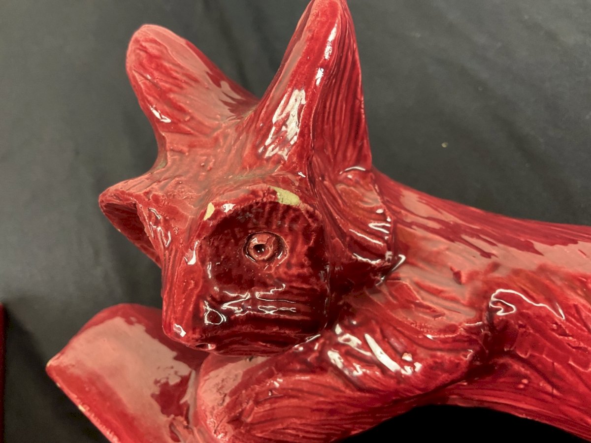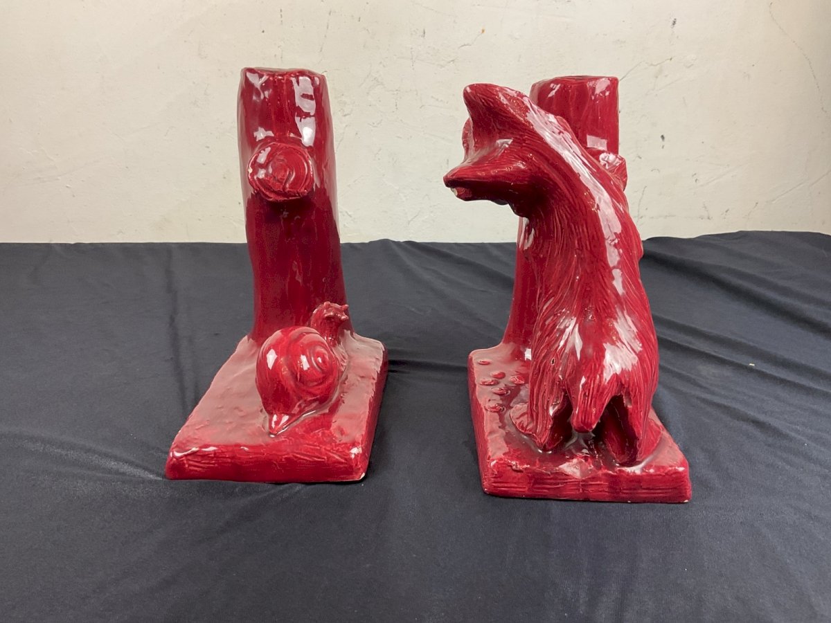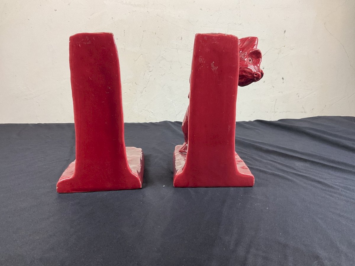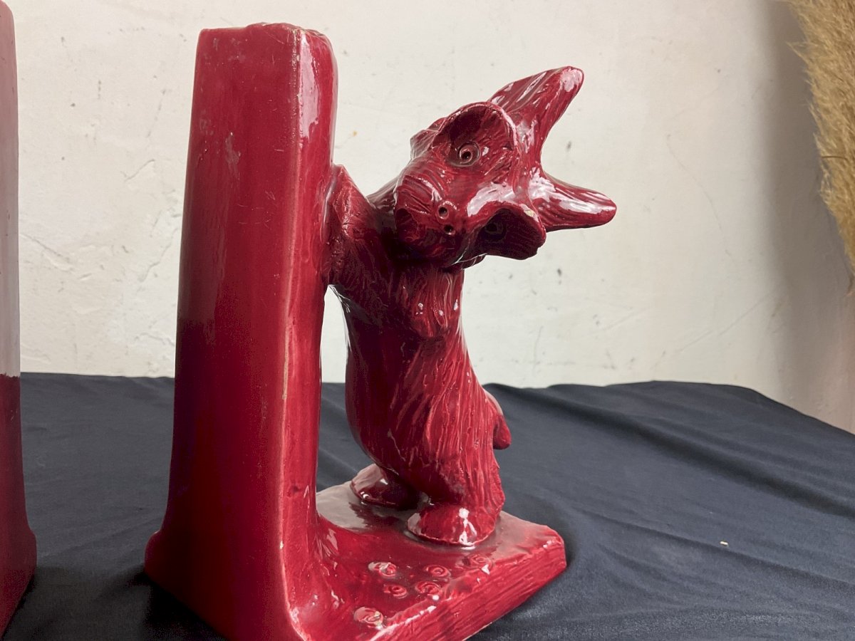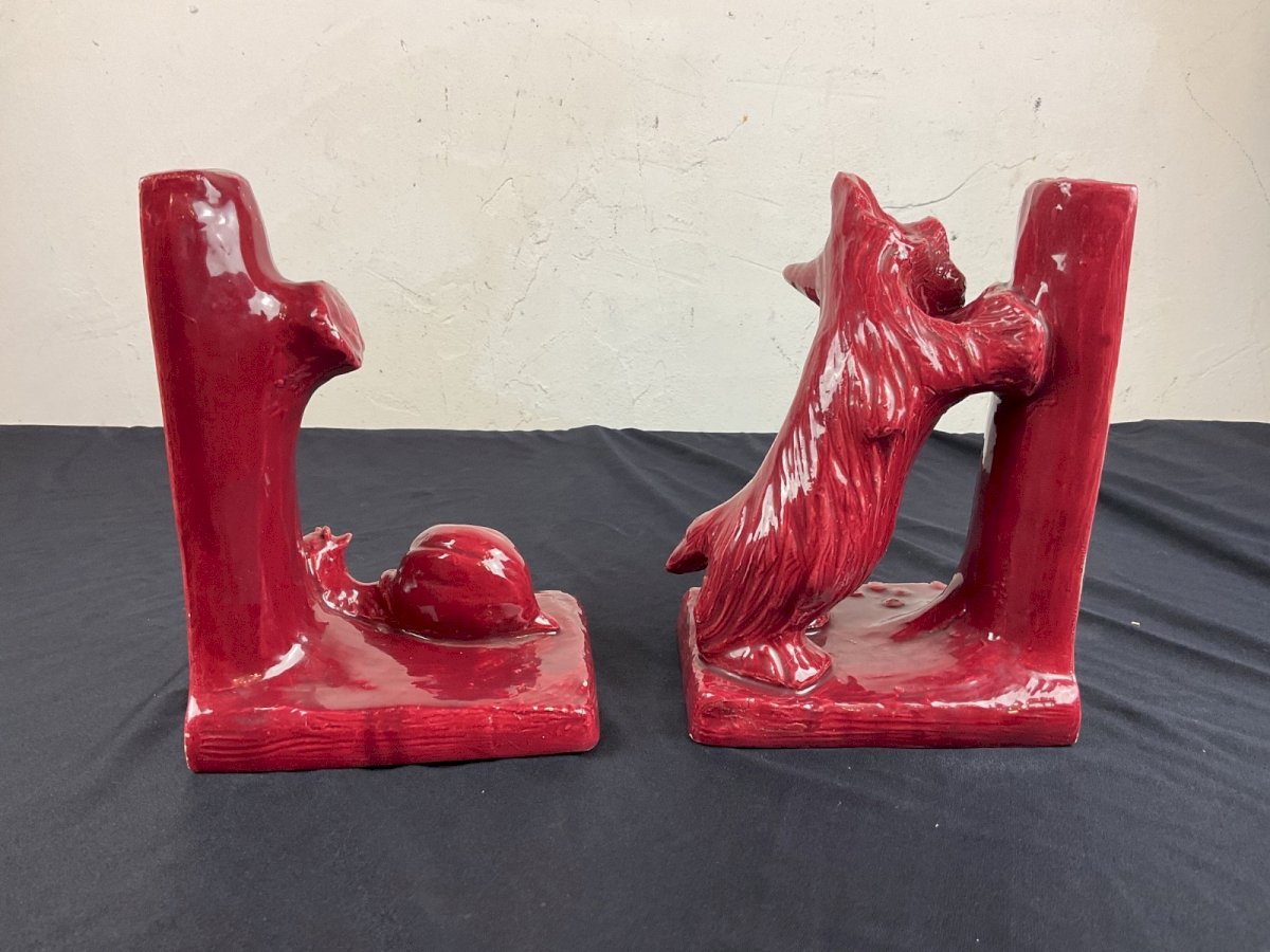 ceramic bookends ART DECO animalistic dog playing with a snail A few small chips of paint but nothing serious Height: 19 cm Authenticity: Original Type: Display object, Decorative Period: Art Deco Origin: France Sub-type: bookends Material: Ceramic
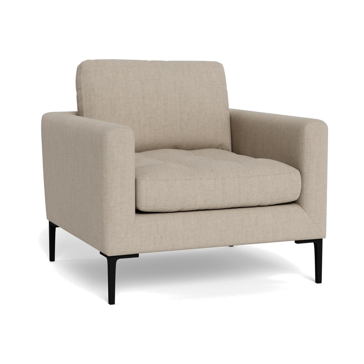 I’m a fan of the Eton armchair in putty because its broad-weave fabric and slim brass feet strike a nice balance between comfort and a clean, modern look. Its neutral hue makes it versatile in contemporary, Scandi or soft-industrial schemes, especially when paired with light timbers and simple metal accents. For practical styling, layer a textured throw over one arm and add a cushion in a boucle or velvet to introduce subtle contrast. Tuck it beside a slim side table or a sculptural floor lamp to form a compact reading nook, or slot it into a bedroom corner for extra seating without overwhelming the space.
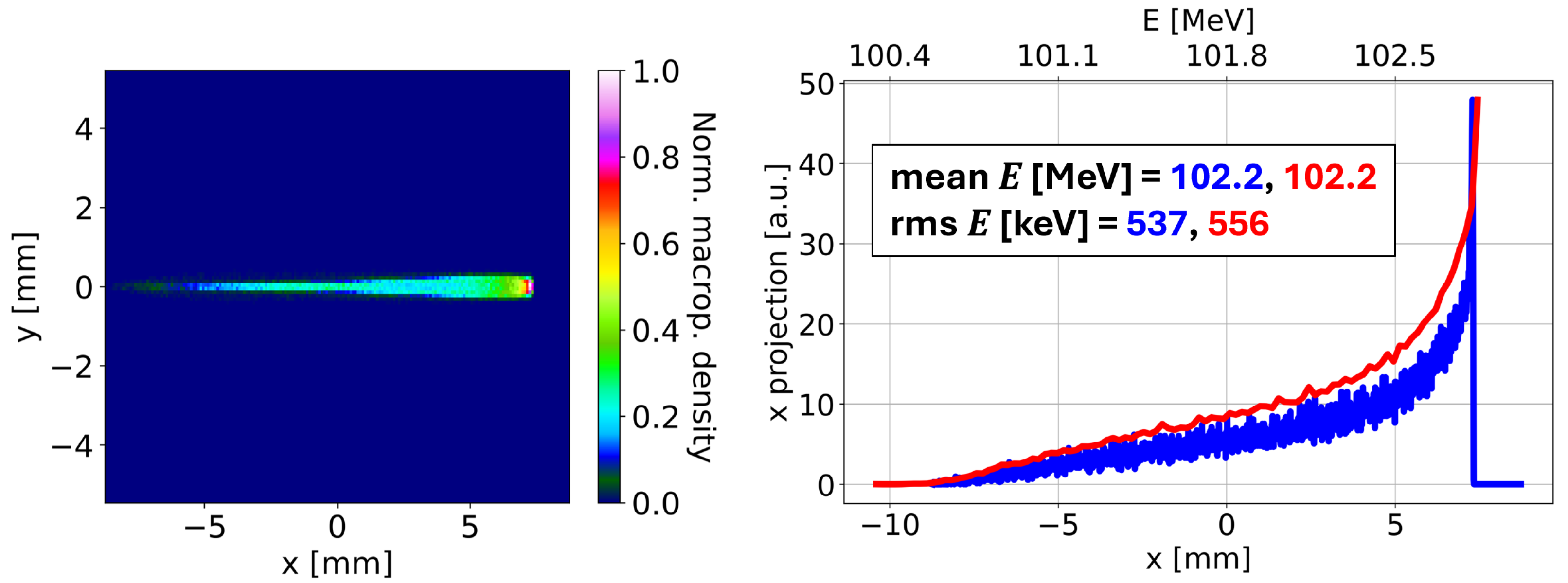 Figure 7. Left: FOV at the screen position, assuming a magnification inverse of 2.6. The FOV contains the simulated transverse beam spot. Right: Projection (blue) on the horizontal axis of the FOV shown in the left plot. The energy axis is obtained from the horizontal one by using the leftmost formula in Equation (1). The energy profile of the initial bunch distribution is displayed in red. The mean and rms energies of the two shown profiles are reported in the box using corresponding colors.
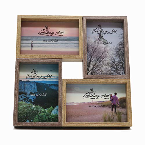 Smiling Art Bilderrahmen Fotorahmen Collage für 4 Fotos, Foto Collage aus MDF Holz mit Glas (Braun+Dunkelbraun, 4x10x15…
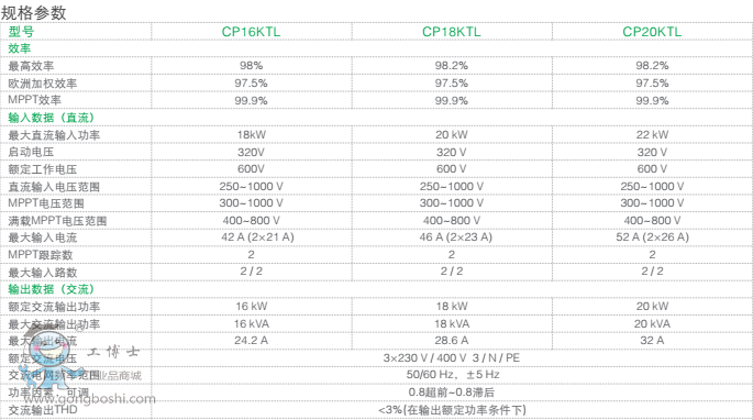 科陸:CP16KTL三相商用逆變器(雙路MPPT)
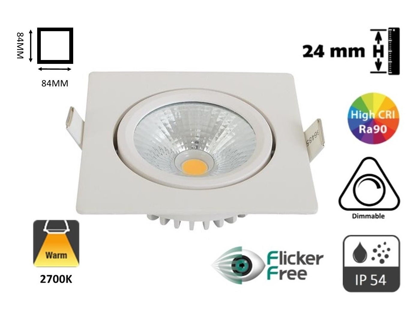 Complete Flat Inbouw LED Spot Vierkant 5w 2700K Dimbaar. Geschikt voor badkamers. Slechts 24mm inbouwhoogte!
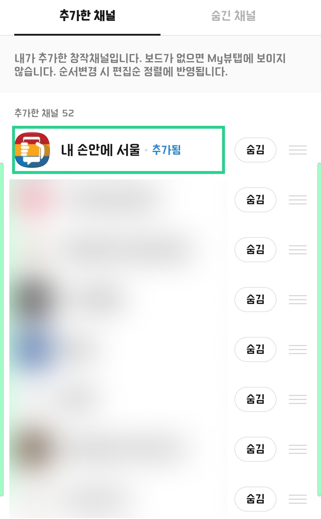 아래와 같이 내 손안에 서울 채널을 추가하신 다음

> _Exercise aim_
When you reproduce the material, keep every word exact and leave each picture out.

> _Answer below_
 ceramic bookends ART DECO animalistic dog playing with a snail A few small chips of paint but nothing serious Height: 19 cm Authenticity: Original Type: Display object, Decorative Period: Art Deco Origin: France Sub-type: bookends Material: Ceramic
 I’m a fan of the Eton armchair in putty because its broad-weave fabric and slim brass feet strike a nice balance between comfort and a clean, modern look. Its neutral hue makes it versatile in contemporary, Scandi or soft-industrial schemes, especially when paired with light timbers and simple metal accents. For practical styling, layer a textured throw over one arm and add a cushion in a boucle or velvet to introduce subtle contrast. Tuck it beside a slim side table or a sculptural floor lamp to form a compact reading nook, or slot it into a bedroom corner for extra seating without overwhelming the space.
 Figure 7. Left: FOV at the screen position, assuming a magnification inverse of 2.6. The FOV contains the simulated transverse beam spot. Right: Projection (blue) on the horizontal axis of the FOV shown in the left plot. The energy axis is obtained from the horizontal one by using the leftmost formula in Equation (1). The energy profile of the initial bunch distribution is displayed in red. The mean and rms energies of the two shown profiles are reported in the box using corresponding colors.
 Smiling Art Bilderrahmen Fotorahmen Collage für 4 Fotos, Foto Collage aus MDF Holz mit Glas (Braun+Dunkelbraun, 4x10x15…
 科陸:CP16KTL三相商用逆變器(雙路MPPT)
 Complete Flat Inbouw LED Spot Vierkant 5w 2700K Dimbaar. Geschikt voor badkamers. Slechts 24mm inbouwhoogte!
 아래와 같이 내 손안에 서울 채널을 추가하신 다음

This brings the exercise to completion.